EXERCISE AIM
Omitting all pictures, print the lines of the listing from the one containing "- Party Favors: there" through the final line, both ends included, with no other text.

DATASET EXTRACT
══════
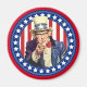 Símbolo dos Estados Unidos, Orgulho Nacional e chamada à ação, esta imagem do Tio Sam inclui estrelas redondas e listras de fundo em vermelho, branco e azul.
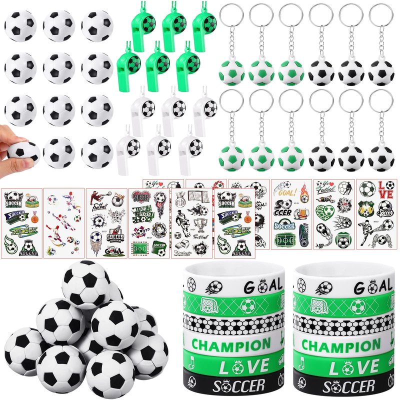 - Party Favors: there are a total of 72 pieces of party supplies, including 12 sheets of tattoos, 12 pieces of erasers, 12 pieces of silicone bracelets, 12 pieces of whistles, 12 pieces of keychains and 12 pieces of mini balls, different items with adequate quantity to satisfy your diverse soccer party using, decorating and sharing needs
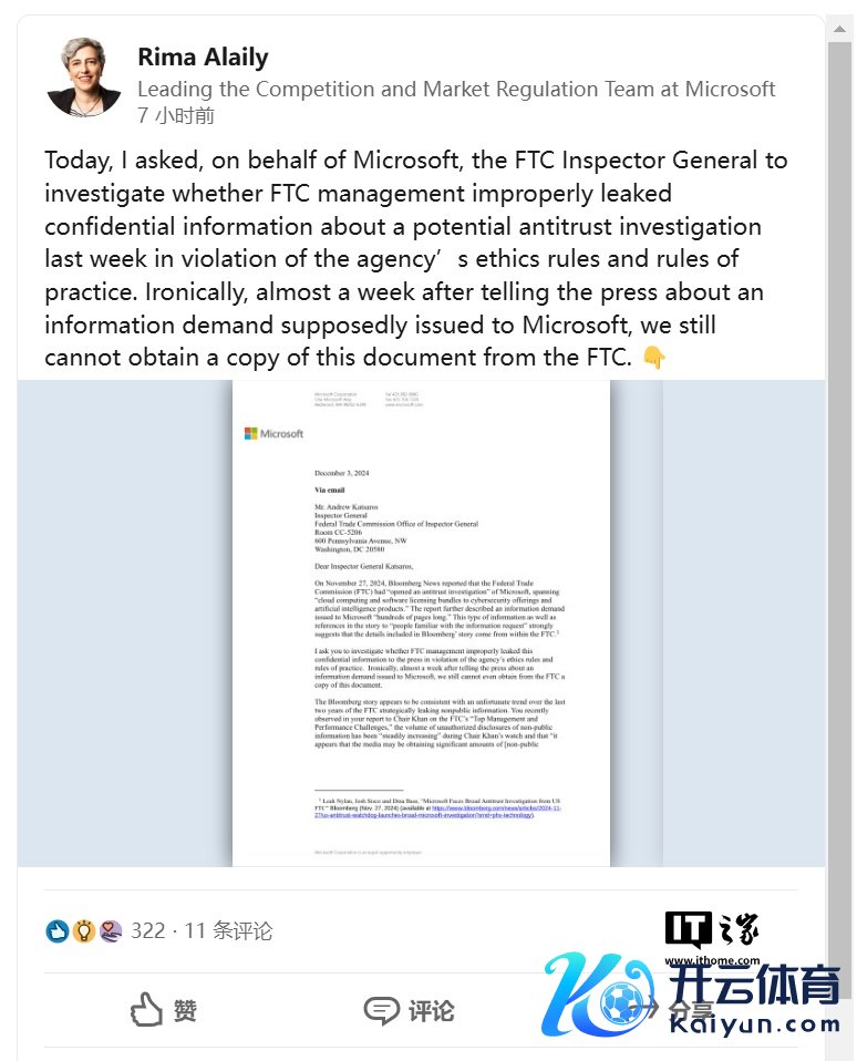 IT之家 12 月 4 日音尘,微软条款联邦生意委员会(FTC)的监察长走访该机构贬责层是否欠妥浮现了对其进行反独揽走访的音尘,并公开走访效果。
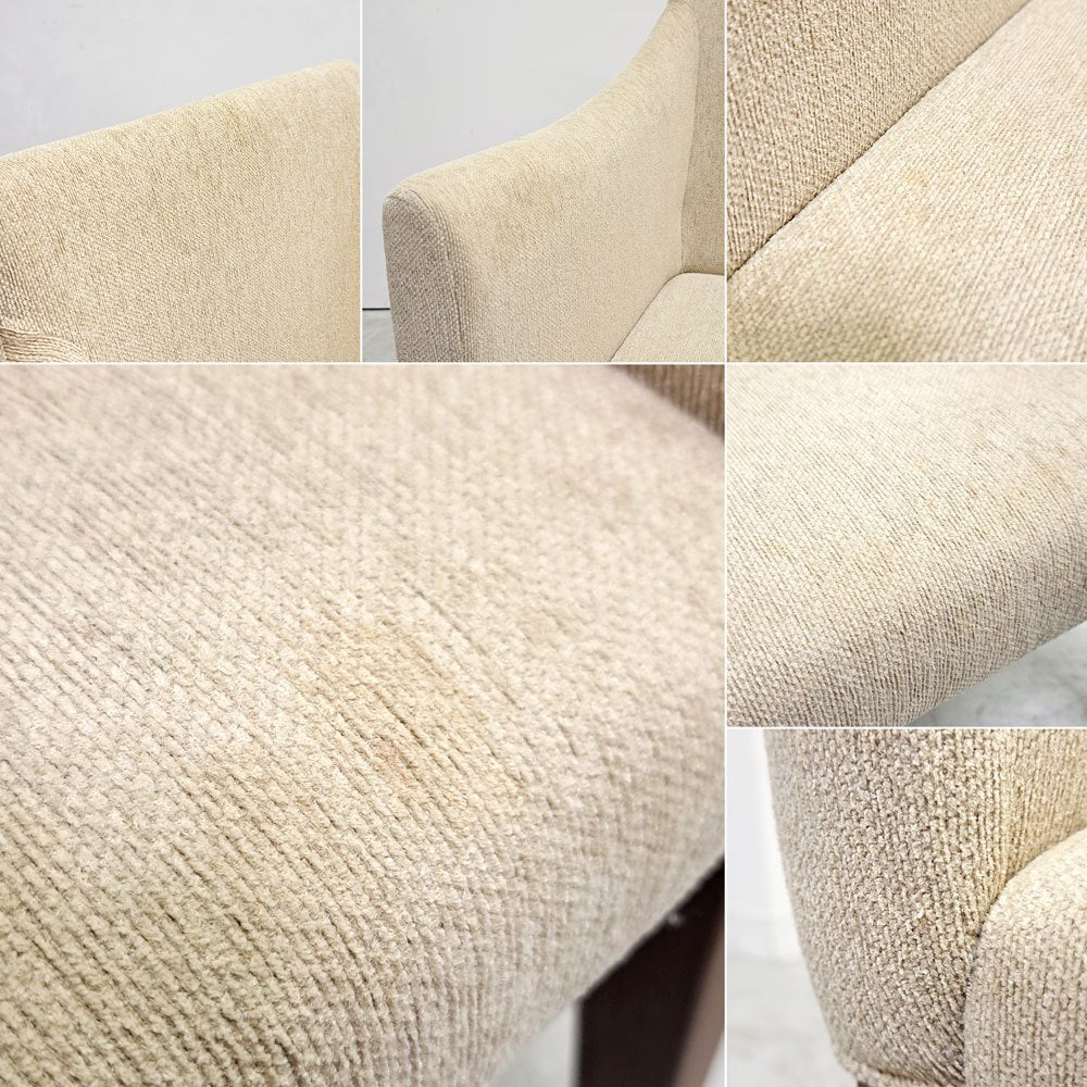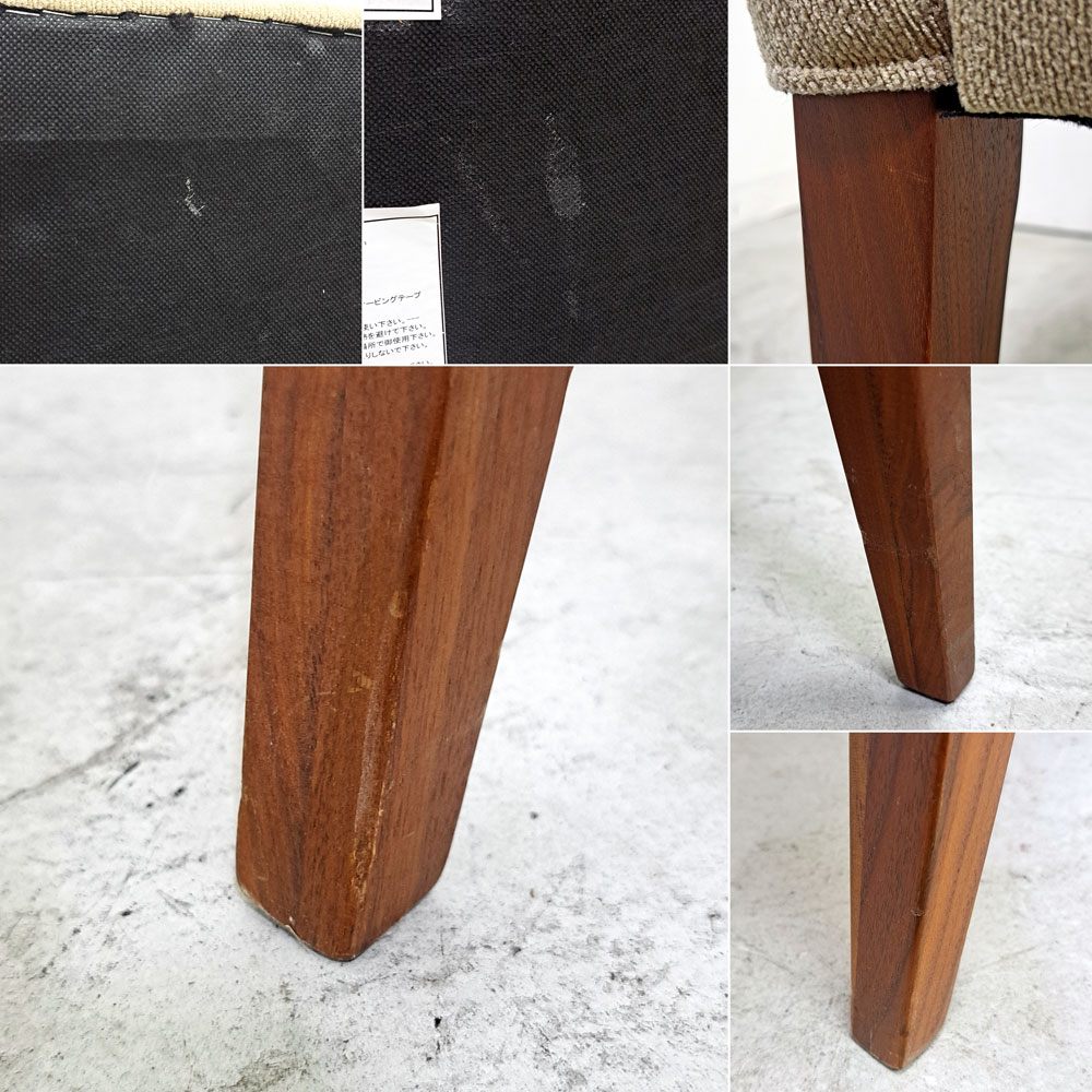 使用に伴い、木部フレームには軽微な擦れや小傷、打痕が散見され、ファブリックには取り切れないシミが複数見受けられます。やや使用感はございますが、ガタつきやグラつきなど機能を大きく損なうダメージは無く、これからも十分に実用いただけるコンディションを保っております。
══════
SOLUTION FOR THIS PROBLEM
 - Party Favors: there are a total of 72 pieces of party supplies, including 12 sheets of tattoos, 12 pieces of erasers, 12 pieces of silicone bracelets, 12 pieces of whistles, 12 pieces of keychains and 12 pieces of mini balls, different items with adequate quantity to satisfy your diverse soccer party using, decorating and sharing needs
 IT之家 12 月 4 日音尘,微软条款联邦生意委员会(FTC)的监察长走访该机构贬责层是否欠妥浮现了对其进行反独揽走访的音尘,并公开走访效果。
 使用に伴い、木部フレームには軽微な擦れや小傷、打痕が散見され、ファブリックには取り切れないシミが複数見受けられます。やや使用感はございますが、ガタつきやグラつきなど機能を大きく損なうダメージは無く、これからも十分に実用いただけるコンディションを保っております。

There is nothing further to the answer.